The importance of prayer is that it is through prayer that we are enabled to become truly human in that we build our union with the rest of humanity as we pray for those who have crossed our path. But it does not end there. We, also through prayer, build up and nourish our relationship with God, and it is through this relationship that we are renewed and saved, that we become new people. In a sense, we become people that we were always intended to be. The results are not always instantaneous and sometimes they are ambiguous but this is so that prayer does not become like some talisman or secret power that we exert over God and creation. We often ask why prayers are sometimes not answered, at least in the way that we want. We yearn for prayer that works instantly at our very demand. This is something that we cannot expect because God is sovereign and we cannot control Him through the words of our prayers as if we were the ones in supreme control.

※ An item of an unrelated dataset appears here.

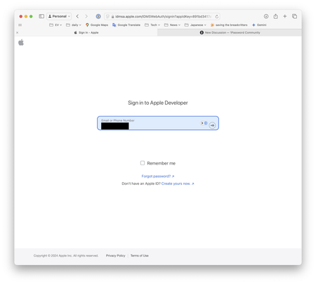 Cannot log in on developer.apple.com/download site with 1Password

I have already mentioned it, but it deserves repetition. Our prayers have to be married to actions which reflect our prayers. Prayer is not just a series of words but in addition to the words, it is a type of life that incorporates our relationship to God and to our neighbor. Our neighbor defines our ‘self’ and in a sense, gives us our being that places us closer to God. Without actions, our prayers can become mere rote words which have very little impact on our lives and on our selves.
The other thing about prayer is that it has to be consistent – not something that we do sporadically. We need to build a relationship with God – and that is the essence of prayer and that is something that will prepare us for life in the New Creation. We must develop a life of prayer that is constant and through which we grow in our love of God and our neighbor. There will be times when we do not feel like praying but we should put in the effort and it will pay off.
We pray because we are in the center of a love story. The only definition of God in the New Testament is that God is love and in the next letter we are going to explore the terrifying import of those words.